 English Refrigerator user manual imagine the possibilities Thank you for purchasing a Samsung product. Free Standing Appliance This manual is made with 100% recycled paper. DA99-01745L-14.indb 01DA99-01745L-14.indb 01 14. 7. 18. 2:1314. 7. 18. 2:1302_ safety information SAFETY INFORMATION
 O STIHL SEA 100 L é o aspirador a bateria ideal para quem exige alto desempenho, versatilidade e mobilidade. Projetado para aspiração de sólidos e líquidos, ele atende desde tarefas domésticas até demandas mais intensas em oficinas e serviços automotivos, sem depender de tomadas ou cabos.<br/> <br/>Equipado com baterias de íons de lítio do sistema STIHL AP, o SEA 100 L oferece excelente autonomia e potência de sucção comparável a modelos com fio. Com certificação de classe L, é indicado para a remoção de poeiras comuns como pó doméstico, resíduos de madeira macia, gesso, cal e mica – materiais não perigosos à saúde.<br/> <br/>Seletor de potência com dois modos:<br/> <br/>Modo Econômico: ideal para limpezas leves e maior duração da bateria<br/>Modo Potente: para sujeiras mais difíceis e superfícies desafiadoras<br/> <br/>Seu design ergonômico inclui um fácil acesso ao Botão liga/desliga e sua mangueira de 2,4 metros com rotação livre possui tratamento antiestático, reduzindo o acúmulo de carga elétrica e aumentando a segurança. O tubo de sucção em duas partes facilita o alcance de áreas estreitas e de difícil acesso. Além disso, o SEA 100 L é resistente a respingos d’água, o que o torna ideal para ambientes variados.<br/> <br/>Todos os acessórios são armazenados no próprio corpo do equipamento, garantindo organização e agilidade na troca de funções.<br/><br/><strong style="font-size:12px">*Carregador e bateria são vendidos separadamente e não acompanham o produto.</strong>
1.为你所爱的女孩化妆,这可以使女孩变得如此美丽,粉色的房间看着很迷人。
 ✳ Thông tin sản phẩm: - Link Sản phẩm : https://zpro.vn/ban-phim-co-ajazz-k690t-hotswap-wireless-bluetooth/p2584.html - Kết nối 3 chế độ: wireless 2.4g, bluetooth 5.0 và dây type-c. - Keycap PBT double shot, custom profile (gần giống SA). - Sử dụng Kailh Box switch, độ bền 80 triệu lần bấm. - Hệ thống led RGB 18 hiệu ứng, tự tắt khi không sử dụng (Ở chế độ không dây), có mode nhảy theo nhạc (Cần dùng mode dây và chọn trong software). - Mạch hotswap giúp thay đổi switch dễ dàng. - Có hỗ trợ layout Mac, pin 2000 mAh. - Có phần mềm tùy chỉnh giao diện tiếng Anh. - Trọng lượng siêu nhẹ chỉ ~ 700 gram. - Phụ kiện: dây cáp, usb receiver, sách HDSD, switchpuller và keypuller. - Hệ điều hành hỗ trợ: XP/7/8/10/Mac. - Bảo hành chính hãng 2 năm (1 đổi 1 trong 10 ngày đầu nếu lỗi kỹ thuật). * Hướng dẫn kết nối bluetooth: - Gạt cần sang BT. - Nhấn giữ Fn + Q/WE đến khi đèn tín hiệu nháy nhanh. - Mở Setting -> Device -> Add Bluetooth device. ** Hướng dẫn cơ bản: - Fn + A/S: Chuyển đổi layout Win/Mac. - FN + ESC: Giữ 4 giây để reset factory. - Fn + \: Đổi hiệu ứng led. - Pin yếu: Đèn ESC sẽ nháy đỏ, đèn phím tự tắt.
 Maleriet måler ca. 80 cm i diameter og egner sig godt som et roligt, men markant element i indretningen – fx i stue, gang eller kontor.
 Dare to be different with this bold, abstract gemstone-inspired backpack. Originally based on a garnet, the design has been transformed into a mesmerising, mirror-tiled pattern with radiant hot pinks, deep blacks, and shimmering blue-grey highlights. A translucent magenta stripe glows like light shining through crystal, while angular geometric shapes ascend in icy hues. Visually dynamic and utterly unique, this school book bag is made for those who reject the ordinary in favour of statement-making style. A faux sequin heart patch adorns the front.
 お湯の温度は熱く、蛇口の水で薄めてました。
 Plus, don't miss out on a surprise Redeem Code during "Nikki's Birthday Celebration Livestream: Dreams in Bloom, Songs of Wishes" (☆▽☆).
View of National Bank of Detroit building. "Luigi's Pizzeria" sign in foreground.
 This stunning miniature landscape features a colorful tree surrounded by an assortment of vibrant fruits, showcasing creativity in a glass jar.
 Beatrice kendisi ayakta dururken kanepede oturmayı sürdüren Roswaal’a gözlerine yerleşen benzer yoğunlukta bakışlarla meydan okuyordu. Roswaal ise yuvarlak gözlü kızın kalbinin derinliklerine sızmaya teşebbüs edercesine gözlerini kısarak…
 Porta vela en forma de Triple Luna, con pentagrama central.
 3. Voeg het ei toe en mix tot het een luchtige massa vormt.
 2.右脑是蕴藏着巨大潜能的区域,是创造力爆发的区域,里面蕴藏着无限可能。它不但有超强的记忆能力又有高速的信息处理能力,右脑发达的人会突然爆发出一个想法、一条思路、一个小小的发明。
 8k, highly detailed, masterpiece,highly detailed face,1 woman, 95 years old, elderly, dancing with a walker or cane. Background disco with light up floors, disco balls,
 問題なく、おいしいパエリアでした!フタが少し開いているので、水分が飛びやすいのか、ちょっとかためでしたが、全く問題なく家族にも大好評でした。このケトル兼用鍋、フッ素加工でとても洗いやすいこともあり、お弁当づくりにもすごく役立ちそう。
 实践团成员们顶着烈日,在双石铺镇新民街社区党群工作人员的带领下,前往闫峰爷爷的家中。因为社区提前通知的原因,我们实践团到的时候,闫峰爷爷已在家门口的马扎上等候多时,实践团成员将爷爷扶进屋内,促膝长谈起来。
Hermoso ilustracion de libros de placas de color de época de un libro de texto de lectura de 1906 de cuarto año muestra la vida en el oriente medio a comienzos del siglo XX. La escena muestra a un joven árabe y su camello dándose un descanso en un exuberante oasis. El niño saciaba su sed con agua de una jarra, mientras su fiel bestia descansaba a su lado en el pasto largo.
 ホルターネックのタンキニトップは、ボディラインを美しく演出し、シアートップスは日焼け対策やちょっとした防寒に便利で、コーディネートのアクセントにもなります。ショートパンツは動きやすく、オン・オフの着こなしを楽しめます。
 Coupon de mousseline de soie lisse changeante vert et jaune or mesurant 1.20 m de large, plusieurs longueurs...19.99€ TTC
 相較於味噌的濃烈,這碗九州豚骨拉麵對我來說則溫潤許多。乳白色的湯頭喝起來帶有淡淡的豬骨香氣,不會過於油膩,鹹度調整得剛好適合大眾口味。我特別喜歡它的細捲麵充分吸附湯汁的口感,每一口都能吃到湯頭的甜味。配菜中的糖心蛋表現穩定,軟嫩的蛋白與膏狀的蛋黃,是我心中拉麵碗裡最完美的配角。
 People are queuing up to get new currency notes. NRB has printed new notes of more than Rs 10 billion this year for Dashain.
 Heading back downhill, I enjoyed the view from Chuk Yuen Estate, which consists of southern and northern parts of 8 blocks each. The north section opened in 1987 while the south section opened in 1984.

········

__PROBLEM TO SOLVE__: Please output the material above exactly as it reads.

__OUTPUT__:
 English Refrigerator user manual imagine the possibilities Thank you for purchasing a Samsung product. Free Standing Appliance This manual is made with 100% recycled paper. DA99-01745L-14.indb 01DA99-01745L-14.indb 01 14. 7. 18. 2:1314. 7. 18. 2:1302_ safety information SAFETY INFORMATION
 O STIHL SEA 100 L é o aspirador a bateria ideal para quem exige alto desempenho, versatilidade e mobilidade. Projetado para aspiração de sólidos e líquidos, ele atende desde tarefas domésticas até demandas mais intensas em oficinas e serviços automotivos, sem depender de tomadas ou cabos.<br/> <br/>Equipado com baterias de íons de lítio do sistema STIHL AP, o SEA 100 L oferece excelente autonomia e potência de sucção comparável a modelos com fio. Com certificação de classe L, é indicado para a remoção de poeiras comuns como pó doméstico, resíduos de madeira macia, gesso, cal e mica – materiais não perigosos à saúde.<br/> <br/>Seletor de potência com dois modos:<br/> <br/>Modo Econômico: ideal para limpezas leves e maior duração da bateria<br/>Modo Potente: para sujeiras mais difíceis e superfícies desafiadoras<br/> <br/>Seu design ergonômico inclui um fácil acesso ao Botão liga/desliga e sua mangueira de 2,4 metros com rotação livre possui tratamento antiestático, reduzindo o acúmulo de carga elétrica e aumentando a segurança. O tubo de sucção em duas partes facilita o alcance de áreas estreitas e de difícil acesso. Além disso, o SEA 100 L é resistente a respingos d’água, o que o torna ideal para ambientes variados.<br/> <br/>Todos os acessórios são armazenados no próprio corpo do equipamento, garantindo organização e agilidade na troca de funções.<br/><br/><strong style="font-size:12px">*Carregador e bateria são vendidos separadamente e não acompanham o produto.</strong>
1.为你所爱的女孩化妆,这可以使女孩变得如此美丽,粉色的房间看着很迷人。
 ✳ Thông tin sản phẩm: - Link Sản phẩm : https://zpro.vn/ban-phim-co-ajazz-k690t-hotswap-wireless-bluetooth/p2584.html - Kết nối 3 chế độ: wireless 2.4g, bluetooth 5.0 và dây type-c. - Keycap PBT double shot, custom profile (gần giống SA). - Sử dụng Kailh Box switch, độ bền 80 triệu lần bấm. - Hệ thống led RGB 18 hiệu ứng, tự tắt khi không sử dụng (Ở chế độ không dây), có mode nhảy theo nhạc (Cần dùng mode dây và chọn trong software). - Mạch hotswap giúp thay đổi switch dễ dàng. - Có hỗ trợ layout Mac, pin 2000 mAh. - Có phần mềm tùy chỉnh giao diện tiếng Anh. - Trọng lượng siêu nhẹ chỉ ~ 700 gram. - Phụ kiện: dây cáp, usb receiver, sách HDSD, switchpuller và keypuller. - Hệ điều hành hỗ trợ: XP/7/8/10/Mac. - Bảo hành chính hãng 2 năm (1 đổi 1 trong 10 ngày đầu nếu lỗi kỹ thuật). * Hướng dẫn kết nối bluetooth: - Gạt cần sang BT. - Nhấn giữ Fn + Q/WE đến khi đèn tín hiệu nháy nhanh. - Mở Setting -> Device -> Add Bluetooth device. ** Hướng dẫn cơ bản: - Fn + A/S: Chuyển đổi layout Win/Mac. - FN + ESC: Giữ 4 giây để reset factory. - Fn + \: Đổi hiệu ứng led. - Pin yếu: Đèn ESC sẽ nháy đỏ, đèn phím tự tắt.
 Maleriet måler ca. 80 cm i diameter og egner sig godt som et roligt, men markant element i indretningen – fx i stue, gang eller kontor.
 Dare to be different with this bold, abstract gemstone-inspired backpack. Originally based on a garnet, the design has been transformed into a mesmerising, mirror-tiled pattern with radiant hot pinks, deep blacks, and shimmering blue-grey highlights. A translucent magenta stripe glows like light shining through crystal, while angular geometric shapes ascend in icy hues. Visually dynamic and utterly unique, this school book bag is made for those who reject the ordinary in favour of statement-making style. A faux sequin heart patch adorns the front.
 お湯の温度は熱く、蛇口の水で薄めてました。
 Plus, don't miss out on a surprise Redeem Code during "Nikki's Birthday Celebration Livestream: Dreams in Bloom, Songs of Wishes" (☆▽☆).
View of National Bank of Detroit building. "Luigi's Pizzeria" sign in foreground.
 This stunning miniature landscape features a colorful tree surrounded by an assortment of vibrant fruits, showcasing creativity in a glass jar.
 Beatrice kendisi ayakta dururken kanepede oturmayı sürdüren Roswaal’a gözlerine yerleşen benzer yoğunlukta bakışlarla meydan okuyordu. Roswaal ise yuvarlak gözlü kızın kalbinin derinliklerine sızmaya teşebbüs edercesine gözlerini kısarak…
 Porta vela en forma de Triple Luna, con pentagrama central.
 3. Voeg het ei toe en mix tot het een luchtige massa vormt.
 2.右脑是蕴藏着巨大潜能的区域,是创造力爆发的区域,里面蕴藏着无限可能。它不但有超强的记忆能力又有高速的信息处理能力,右脑发达的人会突然爆发出一个想法、一条思路、一个小小的发明。
 8k, highly detailed, masterpiece,highly detailed face,1 woman, 95 years old, elderly, dancing with a walker or cane. Background disco with light up floors, disco balls,
 問題なく、おいしいパエリアでした!フタが少し開いているので、水分が飛びやすいのか、ちょっとかためでしたが、全く問題なく家族にも大好評でした。このケトル兼用鍋、フッ素加工でとても洗いやすいこともあり、お弁当づくりにもすごく役立ちそう。
 实践团成员们顶着烈日,在双石铺镇新民街社区党群工作人员的带领下,前往闫峰爷爷的家中。因为社区提前通知的原因,我们实践团到的时候,闫峰爷爷已在家门口的马扎上等候多时,实践团成员将爷爷扶进屋内,促膝长谈起来。
Hermoso ilustracion de libros de placas de color de época de un libro de texto de lectura de 1906 de cuarto año muestra la vida en el oriente medio a comienzos del siglo XX. La escena muestra a un joven árabe y su camello dándose un descanso en un exuberante oasis. El niño saciaba su sed con agua de una jarra, mientras su fiel bestia descansaba a su lado en el pasto largo.
 ホルターネックのタンキニトップは、ボディラインを美しく演出し、シアートップスは日焼け対策やちょっとした防寒に便利で、コーディネートのアクセントにもなります。ショートパンツは動きやすく、オン・オフの着こなしを楽しめます。
 Coupon de mousseline de soie lisse changeante vert et jaune or mesurant 1.20 m de large, plusieurs longueurs...19.99€ TTC
 相較於味噌的濃烈,這碗九州豚骨拉麵對我來說則溫潤許多。乳白色的湯頭喝起來帶有淡淡的豬骨香氣,不會過於油膩,鹹度調整得剛好適合大眾口味。我特別喜歡它的細捲麵充分吸附湯汁的口感,每一口都能吃到湯頭的甜味。配菜中的糖心蛋表現穩定,軟嫩的蛋白與膏狀的蛋黃,是我心中拉麵碗裡最完美的配角。
 People are queuing up to get new currency notes. NRB has printed new notes of more than Rs 10 billion this year for Dashain.
 Heading back downhill, I enjoyed the view from Chuk Yuen Estate, which consists of southern and northern parts of 8 blocks each. The north section opened in 1987 while the south section opened in 1984.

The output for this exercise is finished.